Graph representation learning, or graph embedding, aims to capture a graph's structural essence in a condensed form that is computationally feasible for modern machine learning algorithms. The paper identifies three primary challenges in graph embedding: selecting an optimal embedding dimension, choosing which graph properties to preserve, and the lack of guidance on selecting suitable embedding methods for specific tasks.

  1. Dimensionality and Property Preservation: The trade-off between high-dimensional embeddings that preserve graph information and low-dimensional ones that favor storage efficiency and reduced noise is emphasized. This trade-off is context-sensitive, dependent on the graph and application domain.
  2. Methodological Diversity: Numerous techniques have emerged, addressing these challenges through various approaches:
    • Traditional Methods: Include dimensionality reduction techniques that preserve essential graph features.
    • Emerging Neural Methods: Feature deep neural networks, such as Convolutional Neural Networks (CNNs) and Graph Convolutional Networks (GCNs), adapted to graph data structures.
    • Scalability Solutions: Explore methods like random walks, matrix factorization, and neural networks tailored to handle large-scale graphs, enhancing computational and memory efficiency.

Performance Evaluation and Applications

The paper undertakes an empirical assessment of state-of-the-art graph embedding techniques on diverse datasets, both small (e.g., Cora, Citeseer) and large (e.g., YouTube, Flickr), emphasizing vertex classification and clustering tasks. The results promote random walk-based methods, such as DeepWalk and node2vec, for their balance between performance and computational resource demands. These techniques excel in preserving higher-order proximities and context from graph topology and node attributes.

Future Directions

The paper outlines several promising avenues for future work in graph representation learning:

  • Deep Graph Embedding: Extending deeper architectures without succumbing to over-smoothing problems encountered in GCNs.
  • Dynamic and Semi-supervised Models: Adjusting to evolving graph structures in real-time applications and exploiting partially labeled data, respectively.
  • Interpretable AI: Striving for understandability in embeddings to bridge the gap between performance and transparency, making AI more accountable and reliable.
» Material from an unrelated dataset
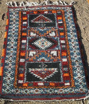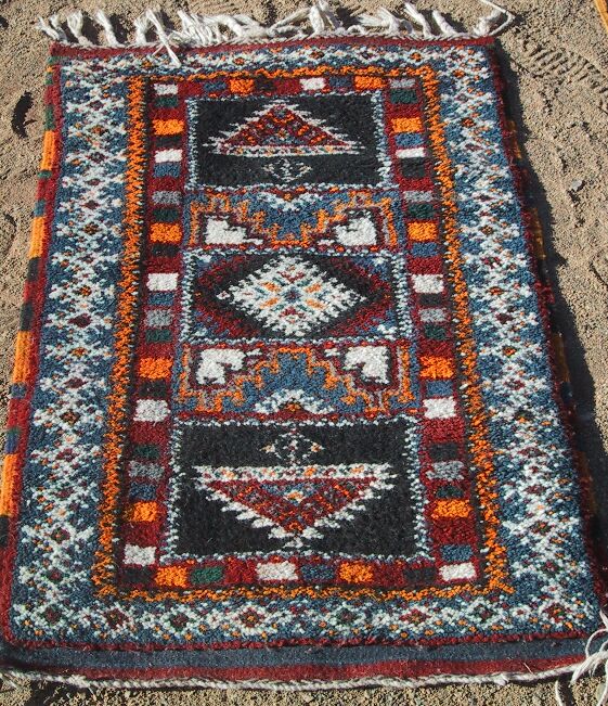 Piece 2.11426 was also made by Samira's grandmother. It's a small knotted rug in the Tazenakht style, in a deep red, grayed blue, gold and black. The large triangles in the black squares are called "takhalalt" in Berber, and they represent a piece of silver jewelry women use as a clasp on clothing; the Romans called them fibula. You can see the details better on the close up. It's about 2 x 3 1/2, measuring 2'1" x 3' 6". The price is $120. It is SOLD but can be remade.

In conclusion, this paper serves as a comprehensive guide and reference point on graph representation learning methodologies. It provides a strong foundation for researchers aiming to tackle complex graph-structured data challenges in various application areas. The inclusion of an open-source Python library, GRLL, further positions this survey as a practical resource for developing and testing graph embedding algorithms.